- [THE TASK]: Below are the records; copy exactly the stretch from the line containing "Jika anda melabur" through the line containing "A solenidade de", both ends included, and nothing else.

- [RECORDS FOR THE EXERCISE]:
++++++

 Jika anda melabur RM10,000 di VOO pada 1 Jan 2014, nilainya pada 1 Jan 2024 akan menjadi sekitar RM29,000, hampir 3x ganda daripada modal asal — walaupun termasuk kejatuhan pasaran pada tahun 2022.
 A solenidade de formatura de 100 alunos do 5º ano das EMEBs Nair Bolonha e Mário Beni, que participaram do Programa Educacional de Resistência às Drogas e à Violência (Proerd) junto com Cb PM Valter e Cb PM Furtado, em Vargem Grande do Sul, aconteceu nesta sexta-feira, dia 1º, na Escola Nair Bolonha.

++++++

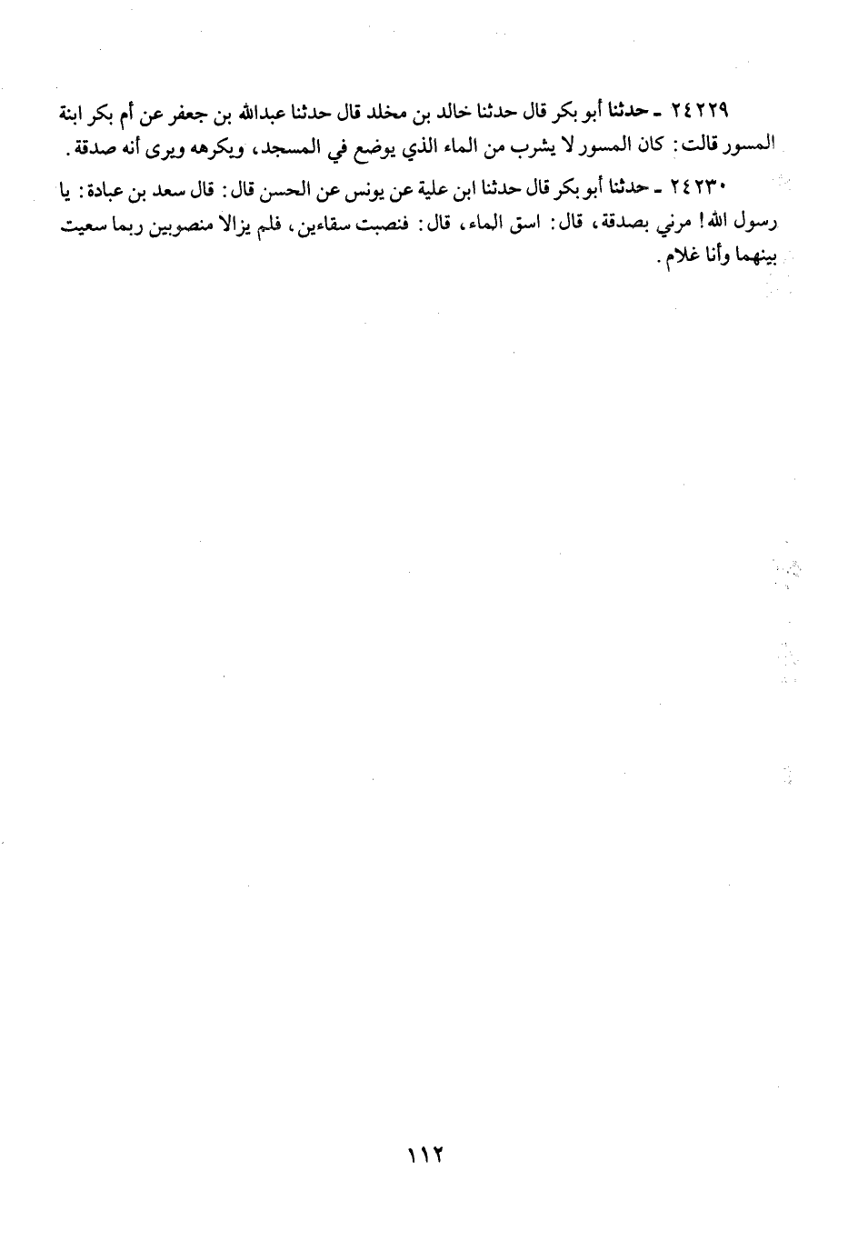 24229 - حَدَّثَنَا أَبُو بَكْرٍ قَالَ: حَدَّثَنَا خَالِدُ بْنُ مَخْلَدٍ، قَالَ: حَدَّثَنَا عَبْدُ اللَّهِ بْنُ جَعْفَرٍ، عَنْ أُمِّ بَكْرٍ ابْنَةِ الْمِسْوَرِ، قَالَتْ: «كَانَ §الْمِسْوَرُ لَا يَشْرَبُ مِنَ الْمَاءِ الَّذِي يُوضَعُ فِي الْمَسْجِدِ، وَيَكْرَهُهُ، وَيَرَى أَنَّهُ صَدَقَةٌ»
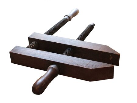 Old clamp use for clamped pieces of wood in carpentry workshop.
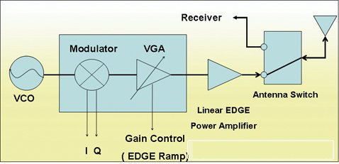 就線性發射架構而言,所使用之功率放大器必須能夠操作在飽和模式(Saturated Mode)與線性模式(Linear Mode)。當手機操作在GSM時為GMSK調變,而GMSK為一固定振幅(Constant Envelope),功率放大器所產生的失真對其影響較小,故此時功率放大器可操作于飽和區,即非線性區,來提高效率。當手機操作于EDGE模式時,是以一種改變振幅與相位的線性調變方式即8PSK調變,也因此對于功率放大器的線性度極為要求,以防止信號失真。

++++++

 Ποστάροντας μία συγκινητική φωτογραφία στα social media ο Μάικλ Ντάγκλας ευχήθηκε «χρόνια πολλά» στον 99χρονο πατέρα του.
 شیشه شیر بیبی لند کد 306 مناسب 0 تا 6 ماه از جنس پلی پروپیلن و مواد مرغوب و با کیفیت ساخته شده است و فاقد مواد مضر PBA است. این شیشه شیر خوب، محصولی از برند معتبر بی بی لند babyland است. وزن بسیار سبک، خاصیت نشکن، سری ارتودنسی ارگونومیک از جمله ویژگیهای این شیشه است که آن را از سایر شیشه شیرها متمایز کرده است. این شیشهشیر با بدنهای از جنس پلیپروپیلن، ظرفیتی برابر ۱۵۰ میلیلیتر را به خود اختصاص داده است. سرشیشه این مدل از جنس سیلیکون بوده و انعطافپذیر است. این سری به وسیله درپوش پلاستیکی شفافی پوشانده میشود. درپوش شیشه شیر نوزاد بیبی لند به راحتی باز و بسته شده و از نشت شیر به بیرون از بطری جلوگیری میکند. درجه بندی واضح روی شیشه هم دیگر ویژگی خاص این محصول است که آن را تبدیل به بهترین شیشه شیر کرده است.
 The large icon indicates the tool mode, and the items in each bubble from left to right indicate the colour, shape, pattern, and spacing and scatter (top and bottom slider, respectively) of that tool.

++++++

- [ANSWER SECTION]:
 Jika anda melabur RM10,000 di VOO pada 1 Jan 2014, nilainya pada 1 Jan 2024 akan menjadi sekitar RM29,000, hampir 3x ganda daripada modal asal — walaupun termasuk kejatuhan pasaran pada tahun 2022.
 A solenidade de formatura de 100 alunos do 5º ano das EMEBs Nair Bolonha e Mário Beni, que participaram do Programa Educacional de Resistência às Drogas e à Violência (Proerd) junto com Cb PM Valter e Cb PM Furtado, em Vargem Grande do Sul, aconteceu nesta sexta-feira, dia 1º, na Escola Nair Bolonha.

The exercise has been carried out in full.